### INPUT DATA

..............................

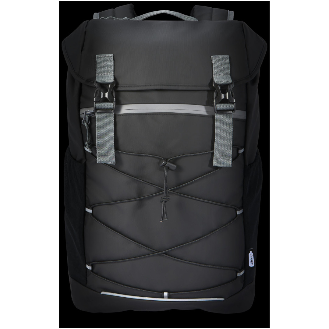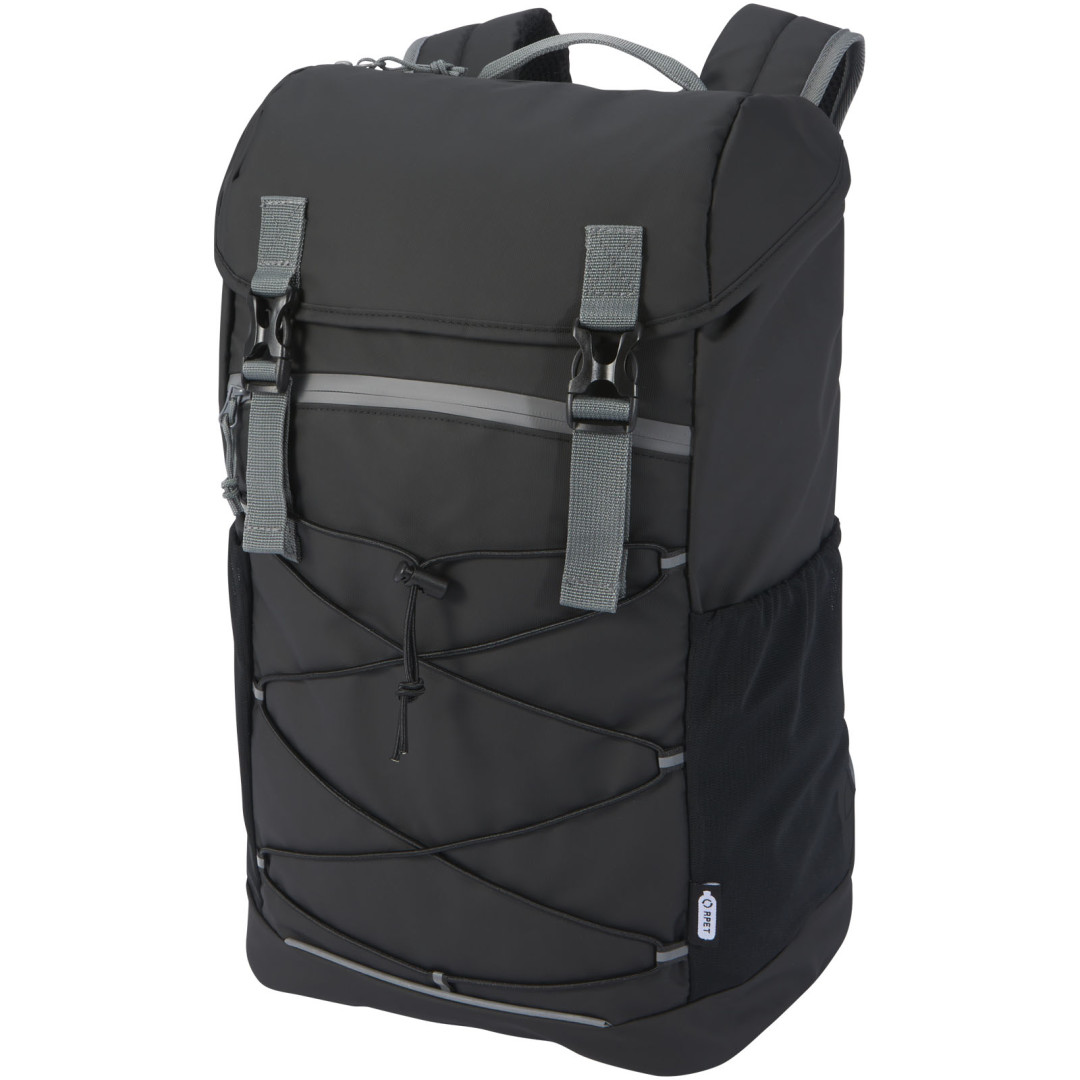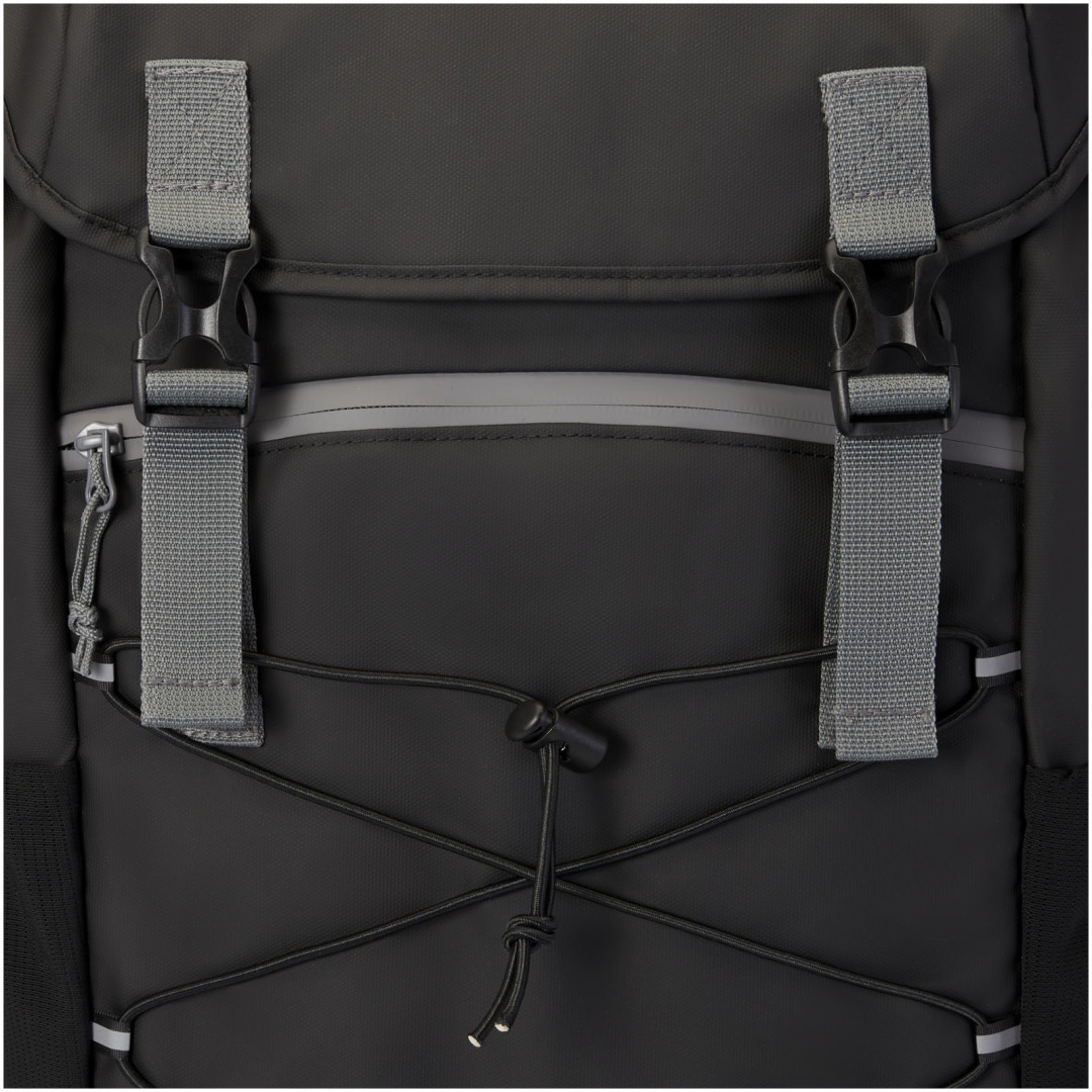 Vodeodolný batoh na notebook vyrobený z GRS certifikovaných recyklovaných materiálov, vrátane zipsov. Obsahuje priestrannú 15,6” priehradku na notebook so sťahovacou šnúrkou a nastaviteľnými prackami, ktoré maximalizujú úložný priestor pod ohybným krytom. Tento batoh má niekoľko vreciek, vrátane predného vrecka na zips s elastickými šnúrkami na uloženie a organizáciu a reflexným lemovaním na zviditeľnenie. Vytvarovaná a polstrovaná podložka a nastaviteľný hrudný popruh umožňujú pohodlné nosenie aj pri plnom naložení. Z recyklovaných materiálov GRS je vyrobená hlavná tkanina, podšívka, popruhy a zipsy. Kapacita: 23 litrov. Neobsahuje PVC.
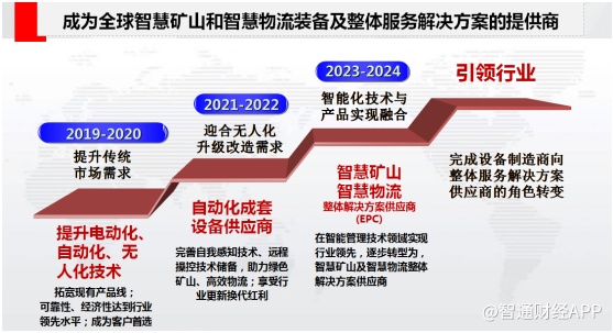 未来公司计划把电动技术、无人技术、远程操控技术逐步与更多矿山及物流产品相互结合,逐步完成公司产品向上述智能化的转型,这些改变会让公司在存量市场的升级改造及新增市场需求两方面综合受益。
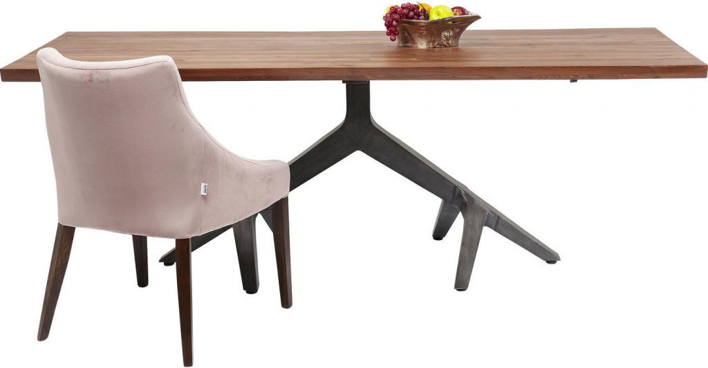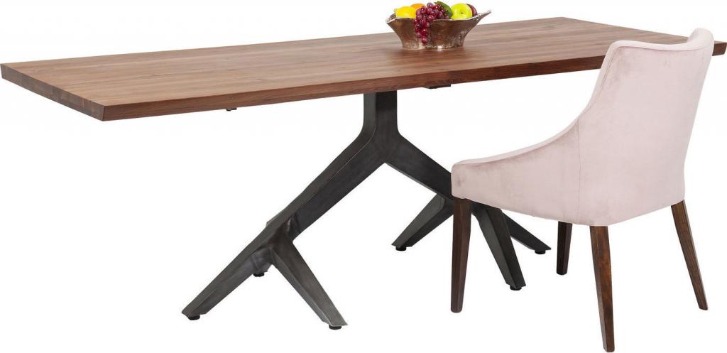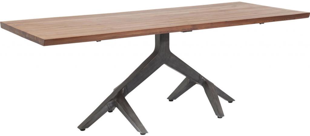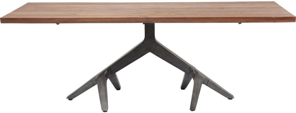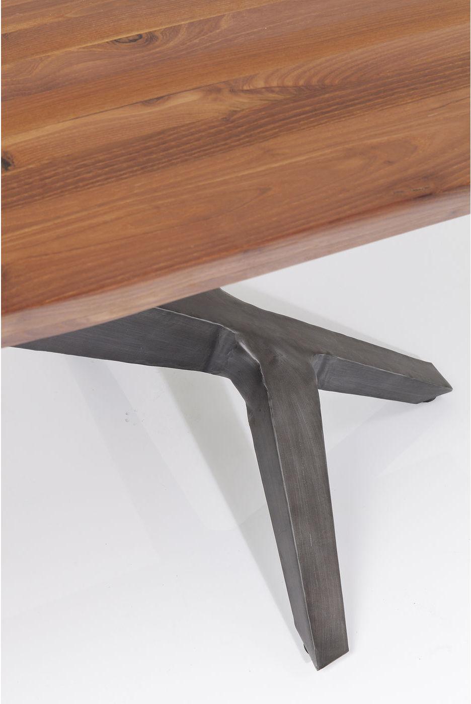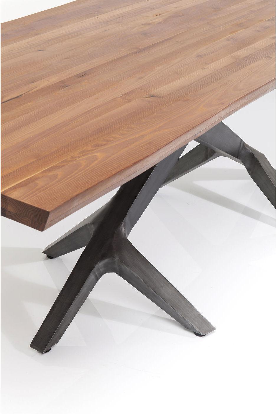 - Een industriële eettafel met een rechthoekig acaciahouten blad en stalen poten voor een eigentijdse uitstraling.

..............................

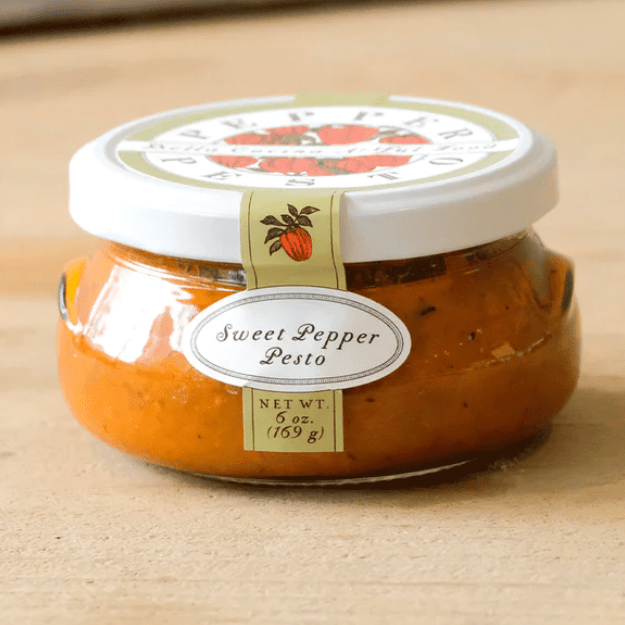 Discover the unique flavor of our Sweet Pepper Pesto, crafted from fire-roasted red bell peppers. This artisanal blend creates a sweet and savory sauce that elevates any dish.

..............................

### ACTION ITEM
Reproduce the listing above only between the lines holding "Vodeodolný batoh na" and "- Een industriële", inclusive. Every line must match exactly, and pictures are dropped.

### TASK RESPONSE
 Vodeodolný batoh na notebook vyrobený z GRS certifikovaných recyklovaných materiálov, vrátane zipsov. Obsahuje priestrannú 15,6” priehradku na notebook so sťahovacou šnúrkou a nastaviteľnými prackami, ktoré maximalizujú úložný priestor pod ohybným krytom. Tento batoh má niekoľko vreciek, vrátane predného vrecka na zips s elastickými šnúrkami na uloženie a organizáciu a reflexným lemovaním na zviditeľnenie. Vytvarovaná a polstrovaná podložka a nastaviteľný hrudný popruh umožňujú pohodlné nosenie aj pri plnom naložení. Z recyklovaných materiálov GRS je vyrobená hlavná tkanina, podšívka, popruhy a zipsy. Kapacita: 23 litrov. Neobsahuje PVC.
 未来公司计划把电动技术、无人技术、远程操控技术逐步与更多矿山及物流产品相互结合,逐步完成公司产品向上述智能化的转型,这些改变会让公司在存量市场的升级改造及新增市场需求两方面综合受益。
 - Een industriële eettafel met een rechthoekig acaciahouten blad en stalen poten voor een eigentijdse uitstraling.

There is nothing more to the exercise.